Rhianna Southby

Personal information
- Full name: Rhianna Mae Southby
- Born: 16 October 2000 (age 25) Hounslow, Greater London, England
- Batting: Right-handed
- Role: Wicket-keeper

Domestic team information
- 2016–2023: Surrey
- 2018–2019: Surrey Stars
- 2020–2022: South East Stars
- 2021: Oval Invincibles
- 2023–2024: Southern Vipers
- 2023–2025: Southern Brave
- 2025: Hampshire
- 2026: Welsh Fire

Career statistics
| Competition | WLA | WT20 |
| Matches | 77 | 95 |
| Runs scored | 731 | 686 |
| Batting average | 16.24 | 17.58 |
| 100s/50s | 0/3 | 0/4 |
| Top score | 72 | 64 |
| Catches/stumpings | 42/24 | 30/48 |
- Source: CricketArchive, 25 August 2025

= Rhianna Southby =

English cricketer (born 2000)

Rhianna Mae Southby (born 16 October 2000) is an English cricketer who currently plays for Hampshire and Welsh Fire. She plays as a wicket-keeper and right-handed batter. She previously played for Surrey Stars, South East Stars, Southern Vipers, Oval Invincibles and Southern Brave.

==Domestic career==
Southby made her county debut in 2016, for Surrey against Warwickshire, in which she took one catch and made one stumping. The same season, she played four matches in the Twenty20 Cup, in which Surrey won promotion to Division 1. Two seasons later, Southby was ever-present as Surrey won promotion to Division 1 of the County Championship. In 2021, Southby scored 78 runs in the Twenty20 Cup, with a high score of 32. She scored 96 runs in the 2022 Women's Twenty20 Cup, including her maiden Twenty20 half-century, scoring 50 against Hampshire.

Southby was also part of the Surrey Stars squad in the Women's Cricket Super League in 2018 and 2019. She played three matches across the two seasons, and made two stumpings.

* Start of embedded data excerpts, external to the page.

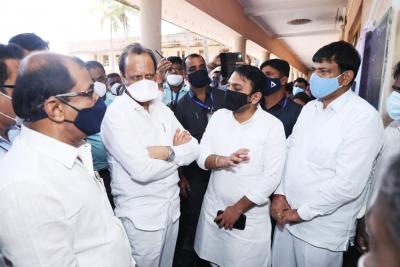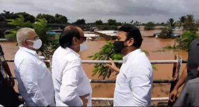अजित पवार यांच्यासमवेत पाहणीदरम्यान जलसंपदा मंत्री तथा सांगली जिल्ह्याचे पालकमंत्री जयंत पाटील, मदत पुनर्वसन मंत्री विजय वडेट्टीवार, कृषी राज्यमंत्री विश्वजीत कदम उपस्थित होते.
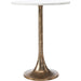 Opulent but never ornate, this side table brings glamor to the artistic interior. Featuring a blend of antique brass plated aluminum and natural white marble, it expertly holds the contrast of warm and cool tones. Whether set out purely for aesthetic or arranged for function, its 18-inch circumference and 23-inch height always holds grandeur.
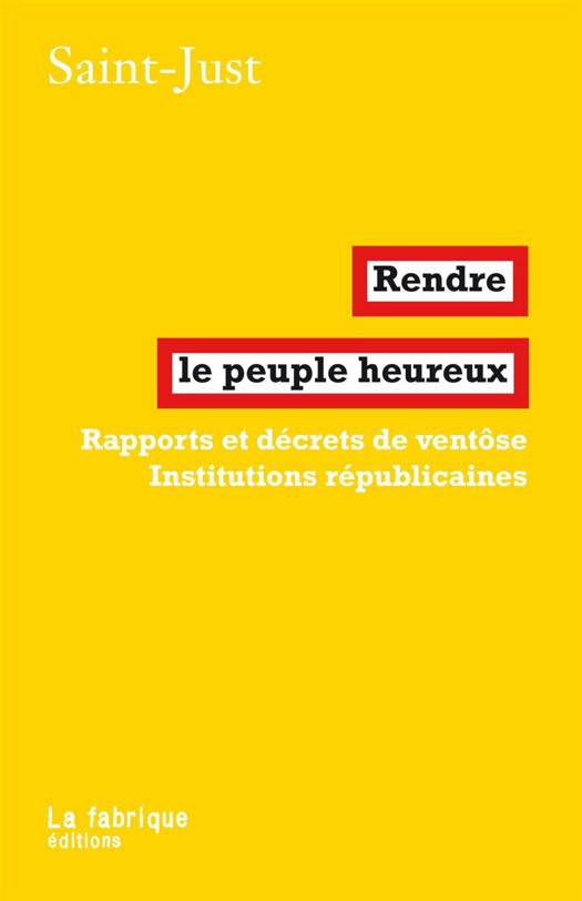 « Ne souffrez point qu'il y ait un malheureux ni un pauvre dans l'État : ce n'est qu'à ce prix que vous aurez fait une révolution et une république véritable » : cette exhortation, c'est le grand thème de Saint-Just, aussi bien dans son rapport devant la Convention le 8 ventôse an II que dans son projet d'« Institutions républicaines ». Il attaque les Indulgents (nous dirions les modérés), « une secte politique qui joue tous les partis ; elle marche à pas lents. Parlez-vous de terreur, elle vous parle de clémence ; devenez-vous cléments, elle vous vante la terreur ; elle veut être heureuse et jouir ». Et les décrets de ventôse prévoient que « les biens des personnes reconnues ennemies de la Révolution seront séquestrés au profit de la République » et distribués aux patriotes indigents. Dans le projet d'« Institutions », Saint-Just cherche à refonder la société au profit des plus faibles – les pauvres, les enfants, les vieillards, les femmes –, à créer les conditions d'une égalité concrète, à lutter contre les formes d'oppression héritées du passé. Car – on l'a un peu oublié de nos jours – « les malheureux sont les puissances de la terre ; ils ont le droit de parler en maîtres aux gouvernements qui les négligent. »
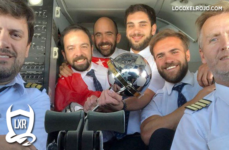 La tripulación del avión, también levantó la copa:
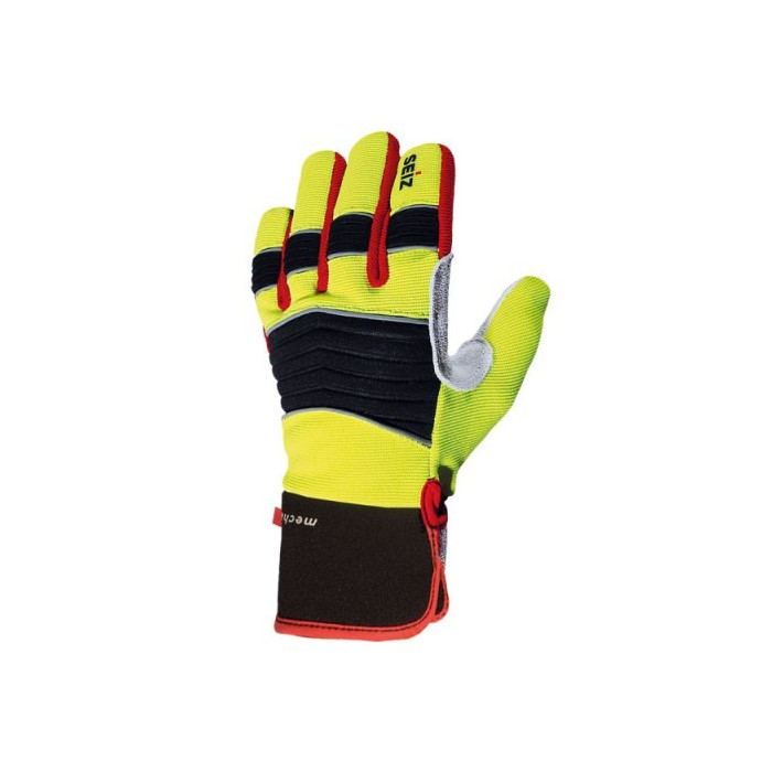 - Backhand: High visible yellow nylon fabric and black neoprene knuckle protectors.

In 2020, Southby played for South East Stars in the Rachael Heyhoe Flint Trophy. She appeared in all six matches, scoring 32 runs, taking 1 catch and making 3 stumpings. In 2021, she played three matches in the Rachael Heyhoe Flint Trophy, as well as being part of the Oval Invincibles winning squad in The Hundred. In 2022, she played five matches for South East Stars, all in the Rachael Heyhoe Flint Trophy, scoring 85 runs including her maiden List A half-century, scoring 54 against Western Storm. At the end of the 2022 season, it was announced that Southby had joined Southern Vipers. In April 2023, it was announced that Southby had signed a professional contract with her new side.

In 2023, she played 14 matches for Southern Vipers, all in the Rachael Heyhoe Flint Trophy, taking ten catches and completing five stumpings. She also played nine matches for Southern Brave in The Hundred, achieving 11 dismissals. She was named Player of the Match during Brave's victory over Northern Superchargers, as she took two catches and completed two stumpings. In 2024, she played 24 matches for Southern Vipers, across the Rachael Heyhoe Flint Trophy and the Charlotte Edwards Cup, making 23 dismissals.